#### Task
Give back exactly the stretch of data below from the line holding "ero богатырская жвзвь.—Илья, оставшись" through the line holding "在紅其拉甫口岸,當鮮艷的五星", both ends included, and leave the remaining lines out.

--- Source material ---

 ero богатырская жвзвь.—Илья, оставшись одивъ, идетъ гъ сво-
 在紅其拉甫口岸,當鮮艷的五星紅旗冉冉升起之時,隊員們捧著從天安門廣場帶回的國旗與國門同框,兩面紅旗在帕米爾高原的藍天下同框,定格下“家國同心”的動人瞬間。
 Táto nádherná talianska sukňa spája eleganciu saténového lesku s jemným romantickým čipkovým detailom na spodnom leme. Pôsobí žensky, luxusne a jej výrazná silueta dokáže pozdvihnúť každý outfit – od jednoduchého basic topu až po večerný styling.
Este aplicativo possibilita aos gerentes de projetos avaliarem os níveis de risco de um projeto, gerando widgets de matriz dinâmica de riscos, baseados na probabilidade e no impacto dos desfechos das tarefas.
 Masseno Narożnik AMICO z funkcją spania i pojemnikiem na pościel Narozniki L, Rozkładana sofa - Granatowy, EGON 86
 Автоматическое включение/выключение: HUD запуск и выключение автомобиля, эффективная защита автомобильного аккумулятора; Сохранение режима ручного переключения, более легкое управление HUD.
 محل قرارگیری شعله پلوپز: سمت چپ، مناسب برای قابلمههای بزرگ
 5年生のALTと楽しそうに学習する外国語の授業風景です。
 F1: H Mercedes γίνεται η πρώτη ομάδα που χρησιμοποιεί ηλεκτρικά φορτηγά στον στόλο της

---
--- Source material ---

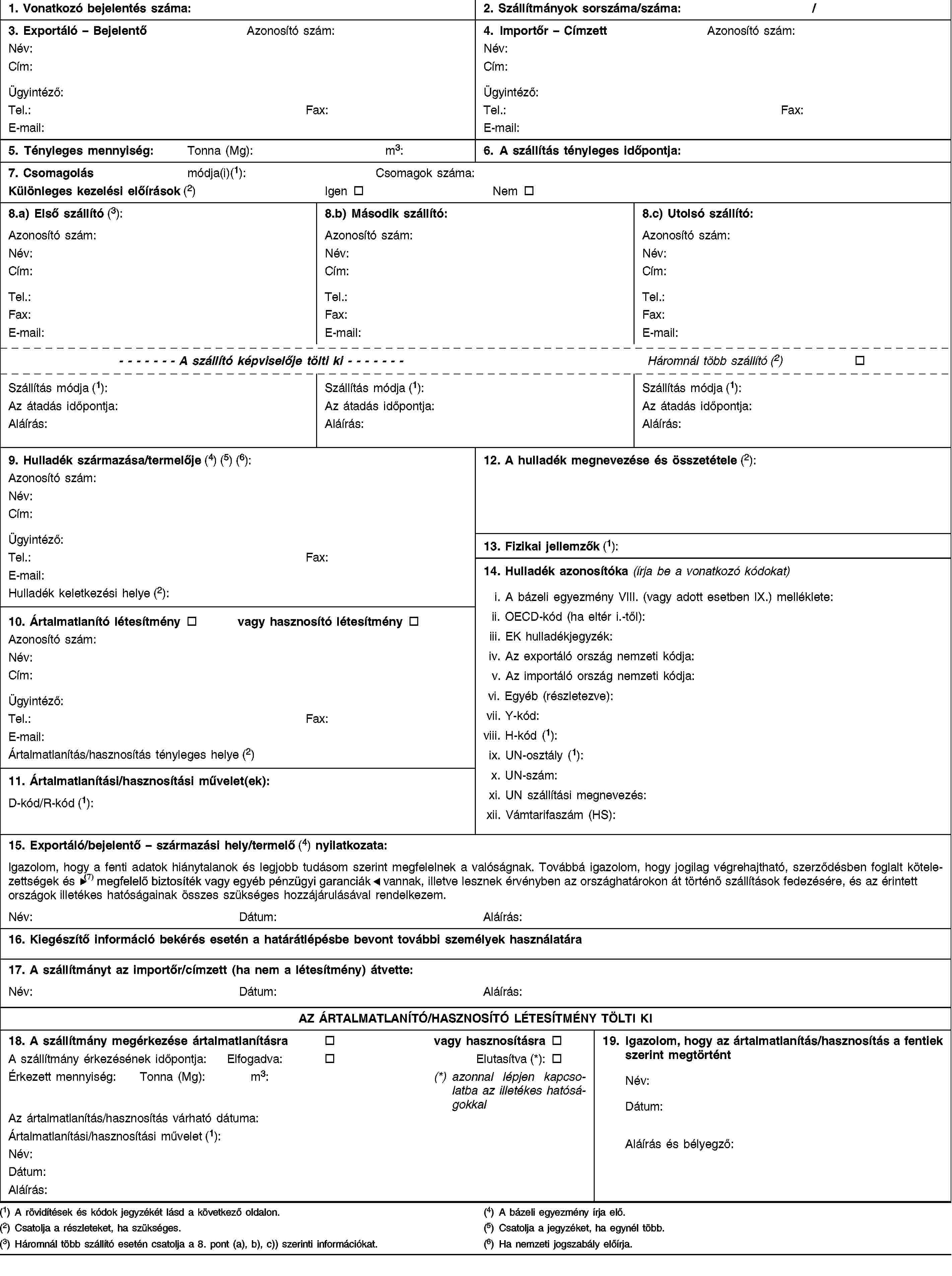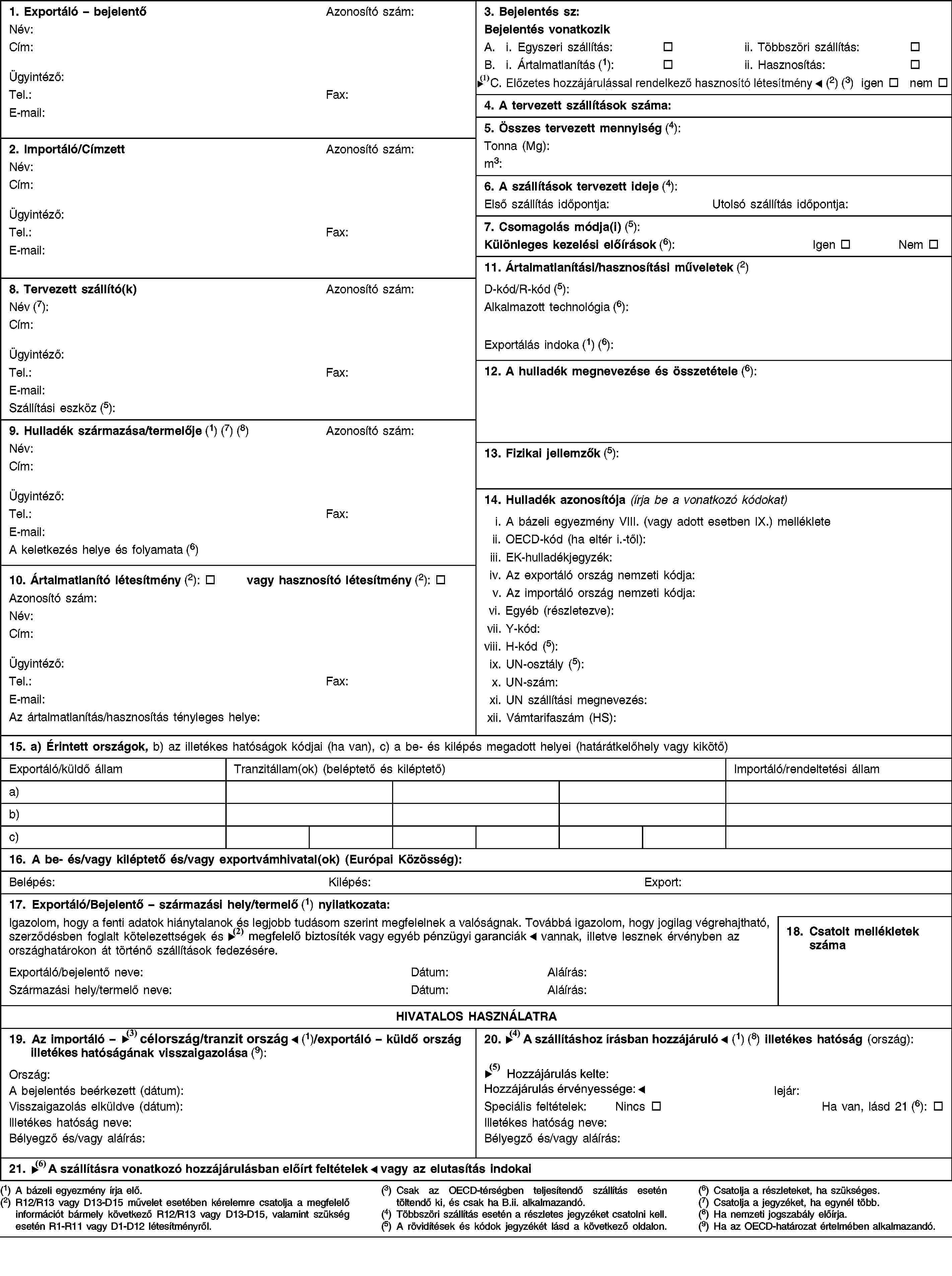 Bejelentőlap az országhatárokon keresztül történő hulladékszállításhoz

---

#### Response to this task
 ero богатырская жвзвь.—Илья, оставшись одивъ, идетъ гъ сво-
 在紅其拉甫口岸,當鮮艷的五星紅旗冉冉升起之時,隊員們捧著從天安門廣場帶回的國旗與國門同框,兩面紅旗在帕米爾高原的藍天下同框,定格下“家國同心”的動人瞬間。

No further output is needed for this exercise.